Specific Example (from session files)
Large chunks of context repeatedly appeared in the following locations:
sessions/570587c3-dc42-47e4-9dd4-985c2a50af86.jsonl:70
Large gateway JSON logs (about 37,000 characters)
sessions/570587c3-dc42-47e4-9dd4-985c2a50af86.jsonl:134
Browser snapshots + Secure encapsulation (about 29,000 characters)
sessions/570587c3-dc42-47e4-9dd4-985c2a50af86.jsonl:219
Huge file list outputs (about 41,000 characters)
sessions/570587c3-dc42-47e4-9dd4-985c2a50af86.jsonl:311
session/status state snapshots + large prompt structures (about 30,000 characters)
"Duplicate Content Waste" vs "Cache Replay Burden"
I also measured the proportion of duplicate content within single calls:
Duplicate ratio approximately: 1.72%
There is indeed some, but it is not the main issue.

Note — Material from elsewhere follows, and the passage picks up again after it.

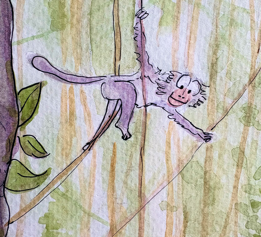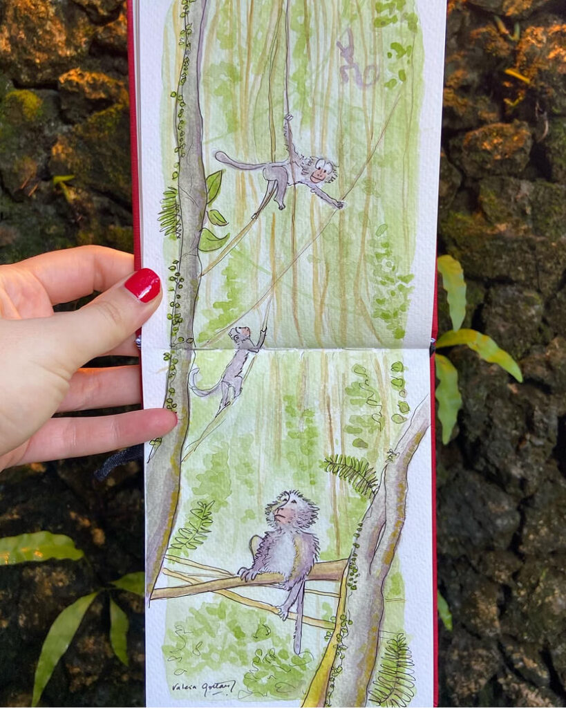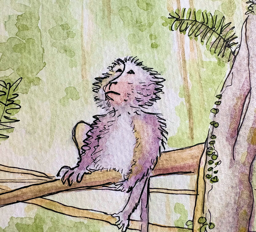 During a visit to the Sacred Monkey Forest in Bali, I was captivated by a mother monkey and her little one leaping playfully from branch to branch. I opened my sketchbook to capture the moment — not just their movement, but their connection.

The real problem is: the absolute size of the cached prefix is too large
The structure is: huge historical context, re-reading for each call, with only a small amount of new input added on top.
Thus, the focus of optimization should not be deduplication, but context structure design.
Why is this problem particularly easy to occur in Agent loops?
Three mechanisms overlap:
1. A large amount of tool output is written into historical context
2. Tool loops produce a large number of short interval calls
3. The prefix varies little → the cache will read them again each time
If context compaction is not triggered stably, the problem will amplify rapidly.
Most Important Repair Strategies (sorted by impact)
P0—Do not shove large tool outputs into long-term context
For super-large tool outputs:
· Keep summaries + reference paths/IDs
· Write the original payload into file artifacts
· Do not keep full originals in chat history
Prioritize the limitation of these categories:
· Large JSON
· Long directory lists
· Full browser snapshots
· Full transcripts of sub-Agents
P1—Ensure the compaction mechanism is truly effective
In this data, compatibility issues with configurations appeared multiple times: invalid compaction key
This can quietly disable optimization mechanisms.
The correct approach: only use version-compatible configurations
Then verify:
openclaw doctor --fix
And check the startup logs to confirm compaction was accepted.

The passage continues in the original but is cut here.